PROBLEM TO WORK ON:
Your answer must be an exact copy of the records below, with no pictures in it.

Data records
——

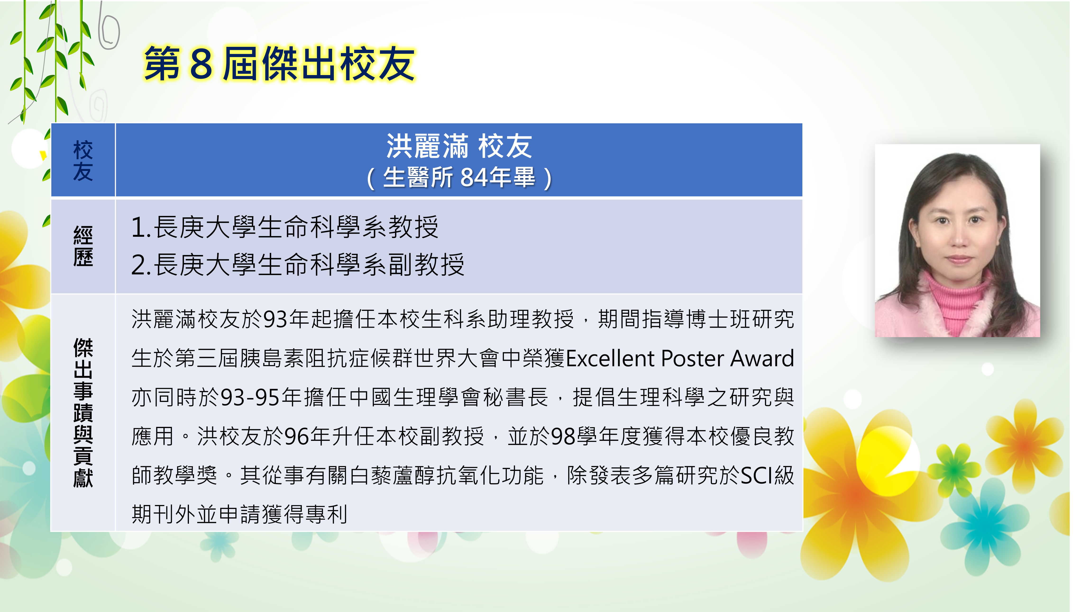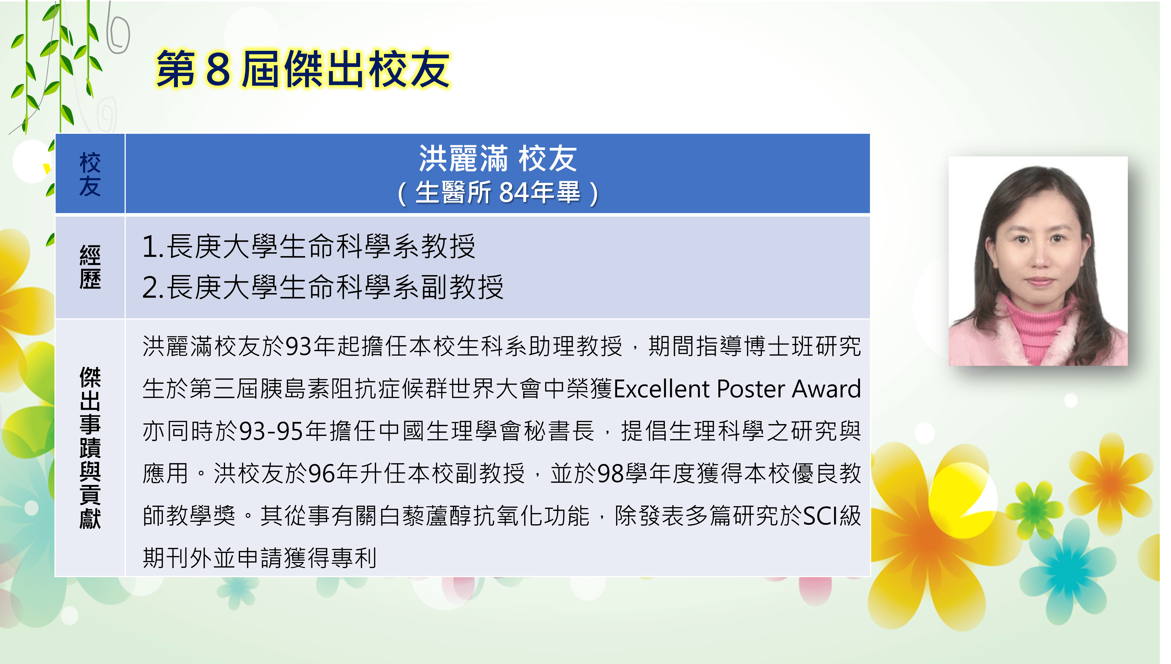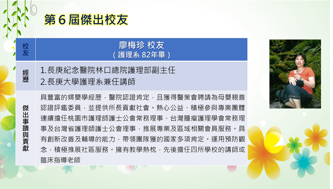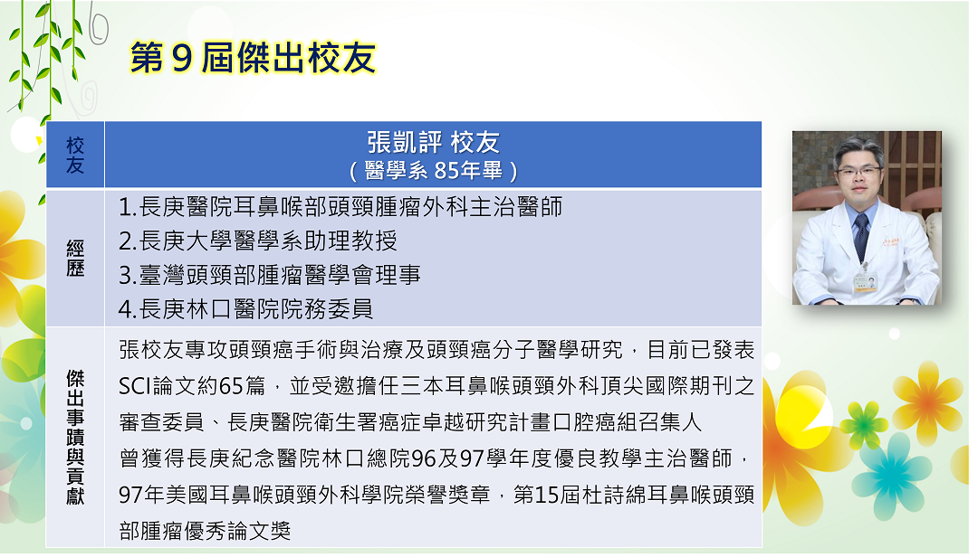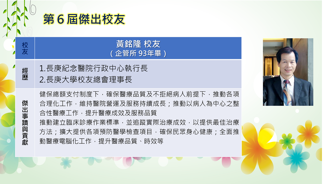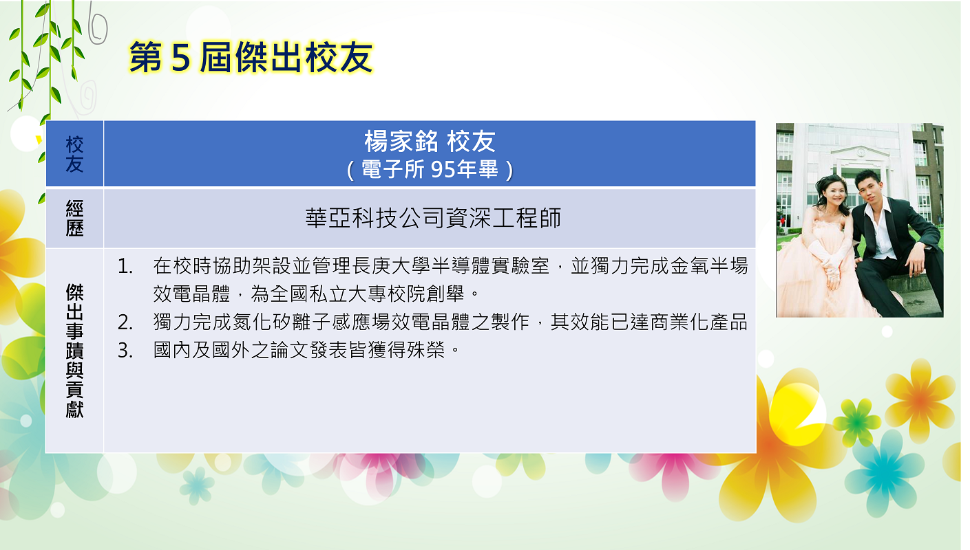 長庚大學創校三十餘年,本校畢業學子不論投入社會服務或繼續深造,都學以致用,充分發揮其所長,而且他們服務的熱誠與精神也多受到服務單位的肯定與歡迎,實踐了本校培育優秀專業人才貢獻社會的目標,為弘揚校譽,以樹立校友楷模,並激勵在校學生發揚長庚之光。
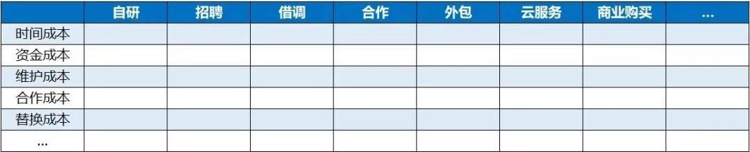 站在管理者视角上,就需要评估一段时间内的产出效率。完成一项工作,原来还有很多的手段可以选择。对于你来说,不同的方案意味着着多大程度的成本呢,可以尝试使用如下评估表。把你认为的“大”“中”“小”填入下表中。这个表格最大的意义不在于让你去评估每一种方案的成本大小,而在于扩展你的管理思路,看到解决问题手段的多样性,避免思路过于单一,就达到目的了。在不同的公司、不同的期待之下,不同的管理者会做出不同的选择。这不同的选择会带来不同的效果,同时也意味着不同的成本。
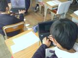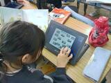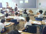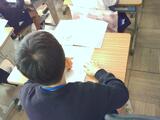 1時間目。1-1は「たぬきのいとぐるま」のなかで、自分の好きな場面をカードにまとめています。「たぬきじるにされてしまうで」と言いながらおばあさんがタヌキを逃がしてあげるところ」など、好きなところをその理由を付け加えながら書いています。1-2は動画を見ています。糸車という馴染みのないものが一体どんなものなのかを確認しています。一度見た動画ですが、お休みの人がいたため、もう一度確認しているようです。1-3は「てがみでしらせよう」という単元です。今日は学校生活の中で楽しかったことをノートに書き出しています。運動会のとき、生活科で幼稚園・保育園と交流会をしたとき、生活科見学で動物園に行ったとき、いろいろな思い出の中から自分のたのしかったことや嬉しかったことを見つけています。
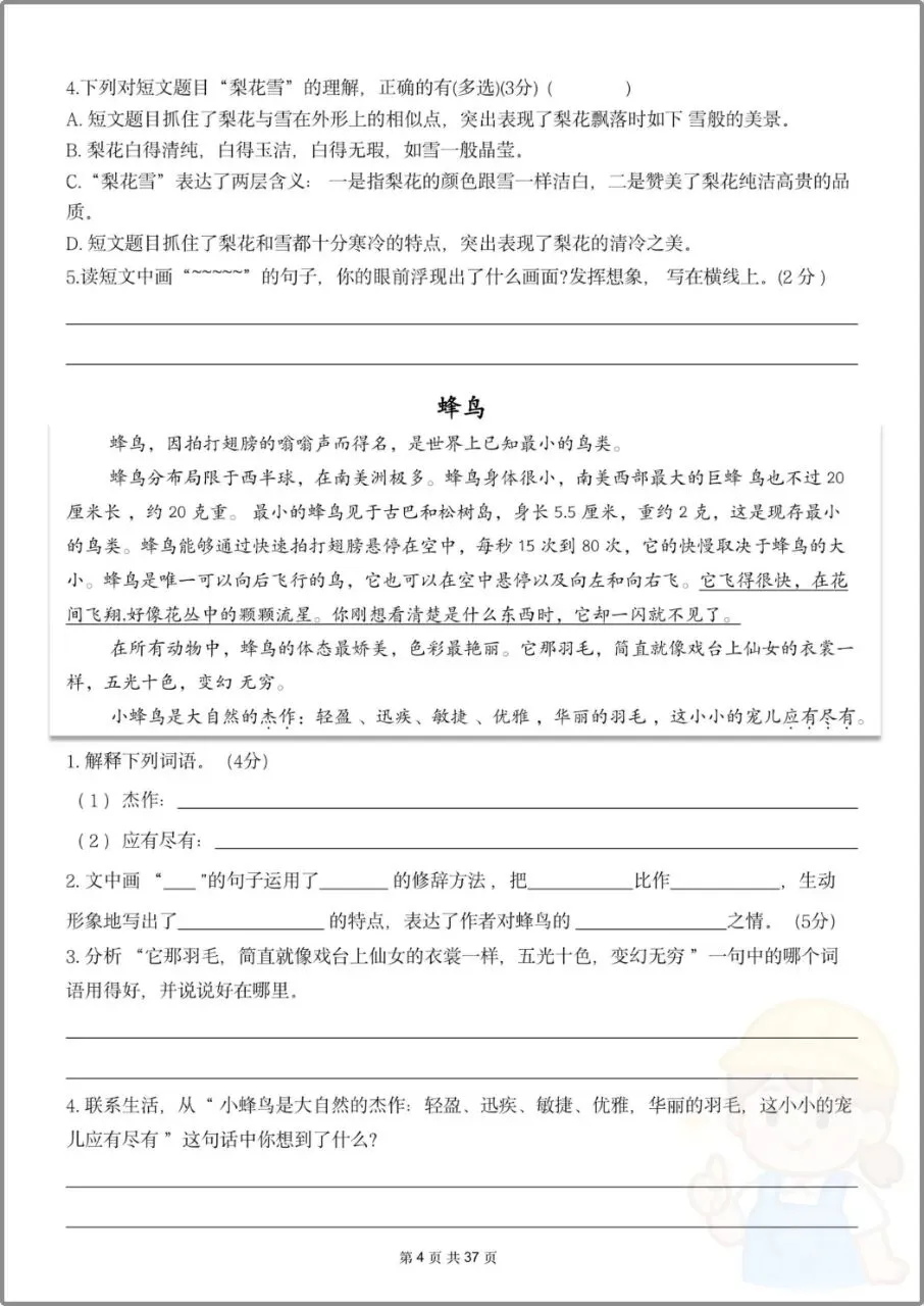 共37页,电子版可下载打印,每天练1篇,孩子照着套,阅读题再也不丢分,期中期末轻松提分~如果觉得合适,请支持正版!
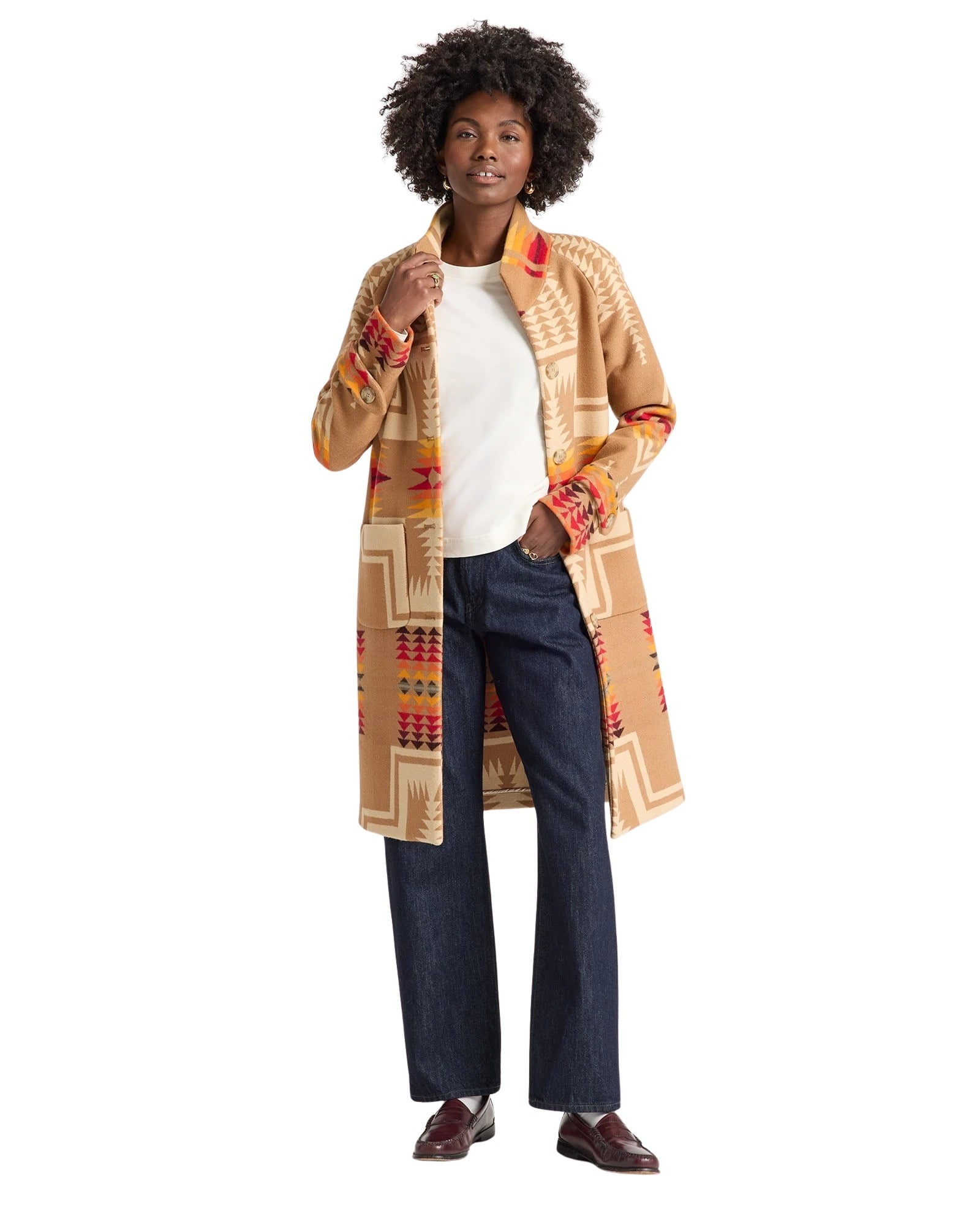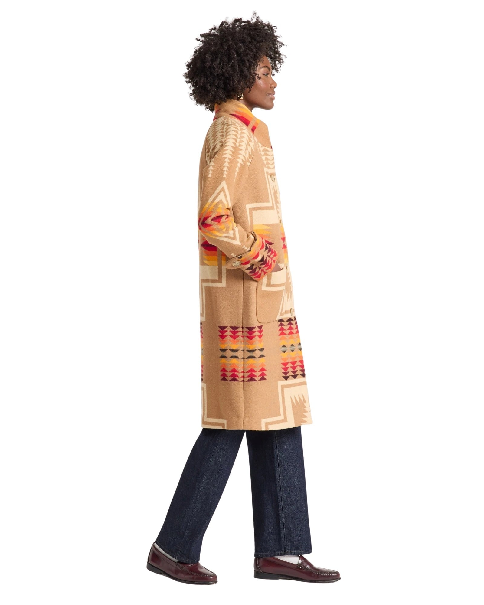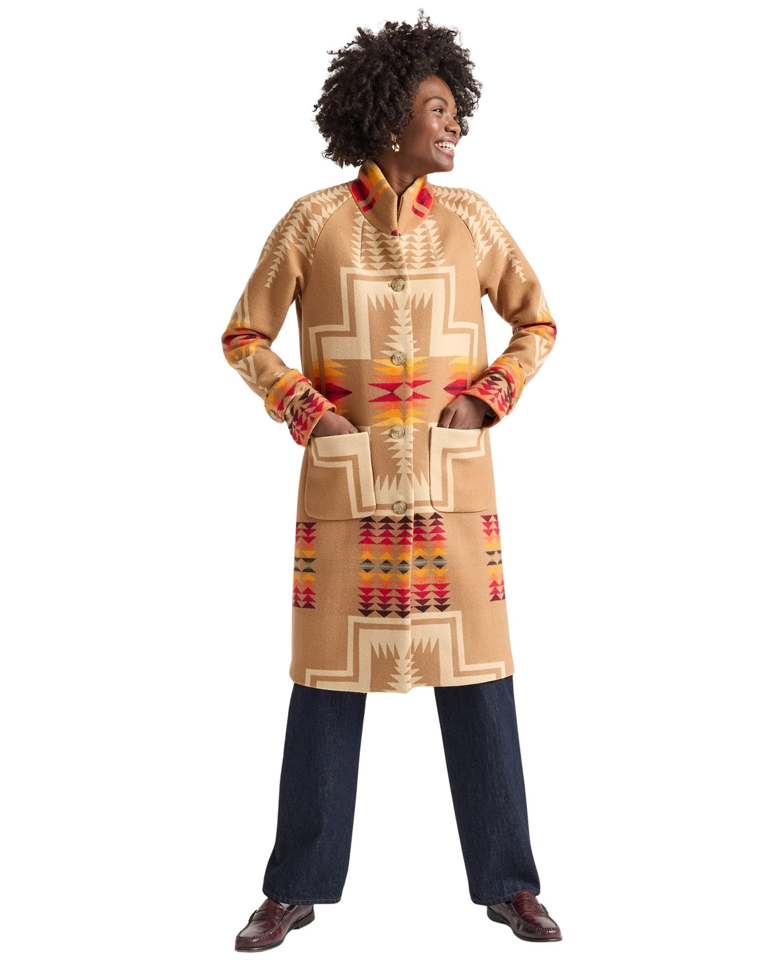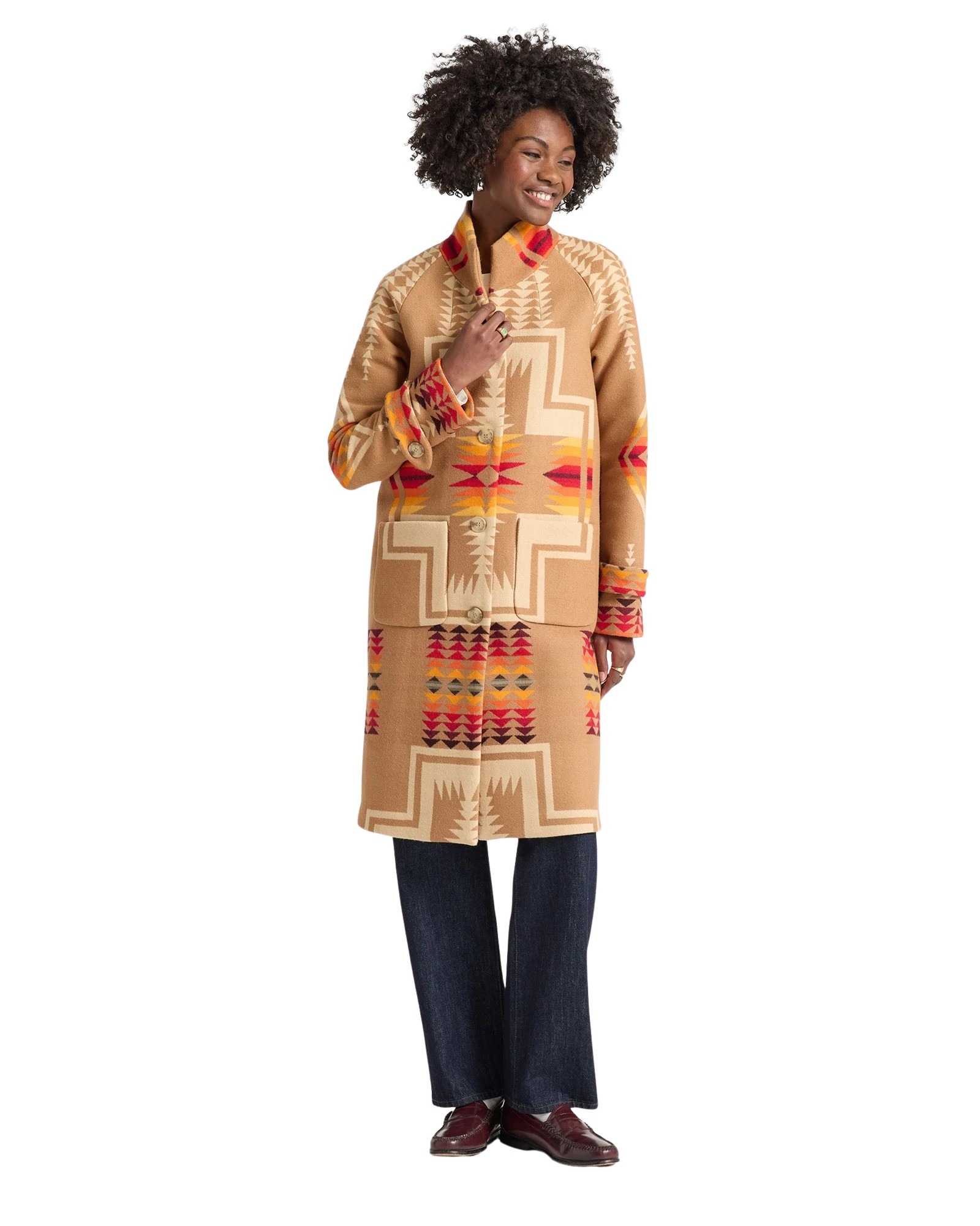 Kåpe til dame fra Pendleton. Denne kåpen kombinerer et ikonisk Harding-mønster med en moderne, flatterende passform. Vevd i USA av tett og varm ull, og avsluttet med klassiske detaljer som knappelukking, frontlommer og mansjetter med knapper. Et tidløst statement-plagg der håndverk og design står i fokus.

——

TASK RESPONSE:
 長庚大學創校三十餘年,本校畢業學子不論投入社會服務或繼續深造,都學以致用,充分發揮其所長,而且他們服務的熱誠與精神也多受到服務單位的肯定與歡迎,實踐了本校培育優秀專業人才貢獻社會的目標,為弘揚校譽,以樹立校友楷模,並激勵在校學生發揚長庚之光。
 站在管理者视角上,就需要评估一段时间内的产出效率。完成一项工作,原来还有很多的手段可以选择。对于你来说,不同的方案意味着着多大程度的成本呢,可以尝试使用如下评估表。把你认为的“大”“中”“小”填入下表中。这个表格最大的意义不在于让你去评估每一种方案的成本大小,而在于扩展你的管理思路,看到解决问题手段的多样性,避免思路过于单一,就达到目的了。在不同的公司、不同的期待之下,不同的管理者会做出不同的选择。这不同的选择会带来不同的效果,同时也意味着不同的成本。
 1時間目。1-1は「たぬきのいとぐるま」のなかで、自分の好きな場面をカードにまとめています。「たぬきじるにされてしまうで」と言いながらおばあさんがタヌキを逃がしてあげるところ」など、好きなところをその理由を付け加えながら書いています。1-2は動画を見ています。糸車という馴染みのないものが一体どんなものなのかを確認しています。一度見た動画ですが、お休みの人がいたため、もう一度確認しているようです。1-3は「てがみでしらせよう」という単元です。今日は学校生活の中で楽しかったことをノートに書き出しています。運動会のとき、生活科で幼稚園・保育園と交流会をしたとき、生活科見学で動物園に行ったとき、いろいろな思い出の中から自分のたのしかったことや嬉しかったことを見つけています。
 共37页,电子版可下载打印,每天练1篇,孩子照着套,阅读题再也不丢分,期中期末轻松提分~如果觉得合适,请支持正版!
 Kåpe til dame fra Pendleton. Denne kåpen kombinerer et ikonisk Harding-mønster med en moderne, flatterende passform. Vevd i USA av tett og varm ull, og avsluttet med klassiske detaljer som knappelukking, frontlommer og mansjetter med knapper. Et tidløst statement-plagg der håndverk og design står i fokus.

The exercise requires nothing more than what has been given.